Armin Medosch, PhD, is a Vienna based artist, curator and scholar working in art and media theory; in 2014, he curated the international exhibition Fields (Riga European Culture Capital 2014); he is initiator of the Technopolitics working group in Vienna. His new book under the title “New Tendencies – Art at the Threshold of the Information Revolution (1961-1978)” came out at MIT Press in September 2016.

  1. Bálint Szombathy, email to the author, Nov 7, 2016, private archive.
  2. Other members were László Szalma, László Kerekes, Katalin Ladik, Attila Csernik, Ante Vukov.
  3. Emese Kürti, “Transregional Discourses: The Bosch+Bosch Group in the Yugoslav and the Hungarian Avant-Garde,” in Bosch+Bosch, trans. Dániel Sipos (Budapest: acb ResearchLab, 2016), 4–30.

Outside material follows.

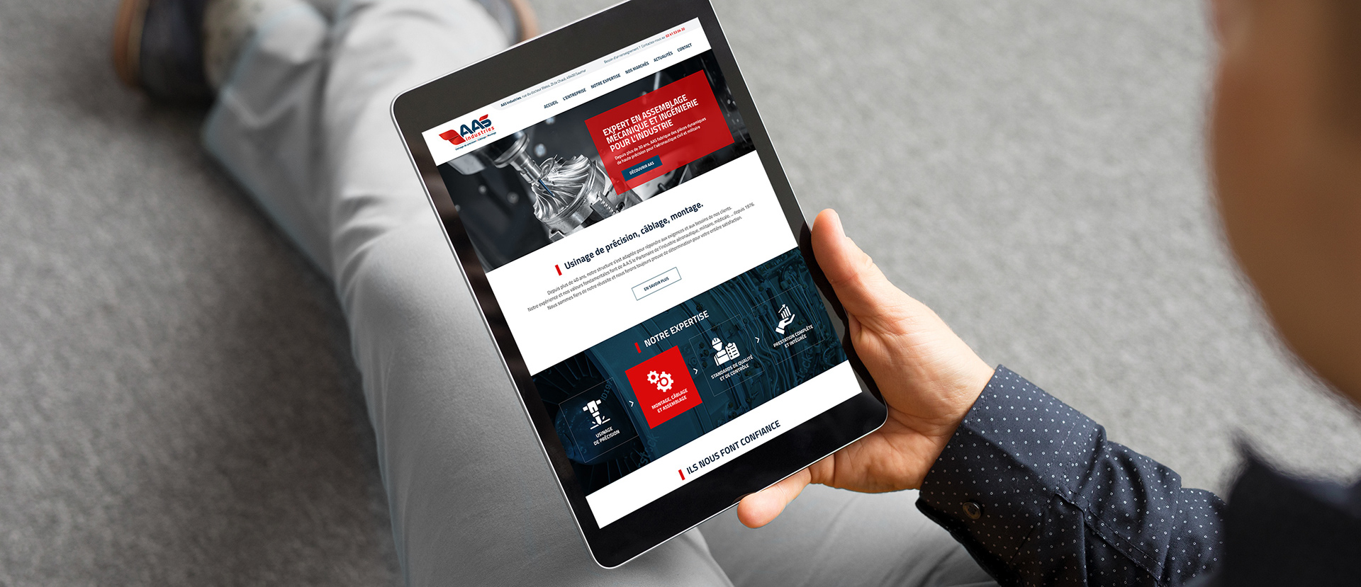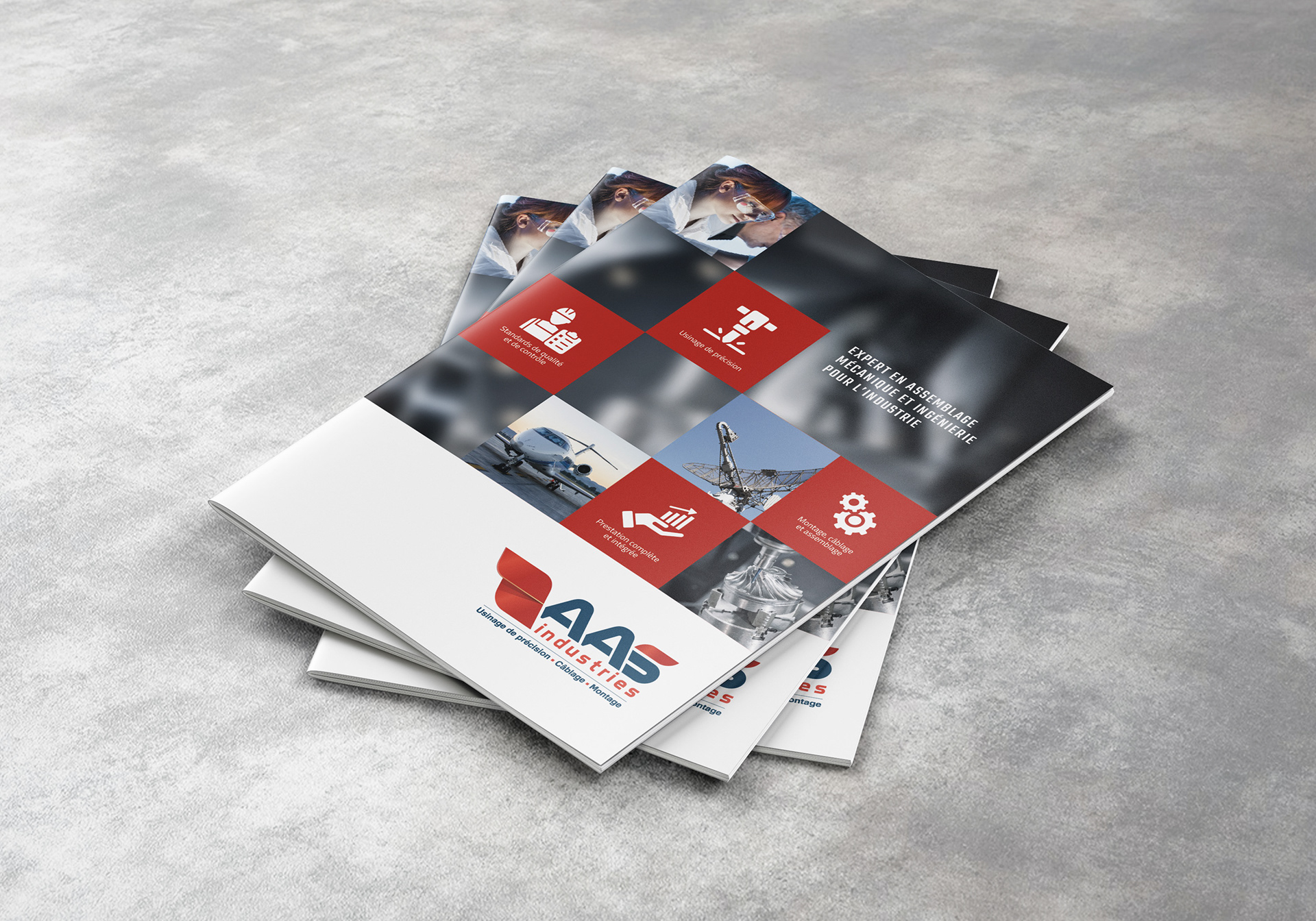 Expert en assemblage mécanique et ingénierie pour l’industrie, l’entreprise AAS renouvelle son identité visuelle. On retrouve dans le logo le fuselage qui évoque les pièces d’avion fabriquée en usine. Différents supports viendront se décliner à partir de la charte établie : un site web, une plaquette, des cartes de visite, etc.

  4. Emese Kürti, ed., Bosch+Bosch, trans. Dániel Sipos (Budapest: acb ResearchLab, 2016), 7.
  5. Bálint Szombathy, email to the author, Nov 7, 2016, private archive.
  6. Ibid.
  7. Klaus Ronneberger, ed., “Henri Lefebvre and the Question of Autogestion,” in Autogestion, or Henri Lefebvre in New Belgrade, Kataloge Der Oberösterreichischen Landesmuseen (Vancouver, BC; Berlin; New York, N.Y.: Fillip Editions ; Sternberg Press, 2009), 89–118.
  8. Bálint Szombathy, email to the author, October 30, 2016, private archive.
  9. Miško Šuvaković, “Art as a Political Machine: Fragments on the Late Socialist and Postsocialist Art of Mitteleuropa and the Balkans.,” in Postmodernism and the Postsocialist Condition: Politicized Art under Late Socialism, 1st ed. (Berkeley and Los Angeles: University of California Press, 2003), 116.
  10. Ibid.
  11. Bálint Szombathy, “Landmarks in the Work of the Group Bosch+Bosch,” in The New Art Practice in Yugoslavia 1966-1978, Documents 3-6 (Zagreb: Galerija suvremene umjetnosti, 1978), 52.
  12. Šuvaković, “Art as a Political Machine“ op.cit., 121.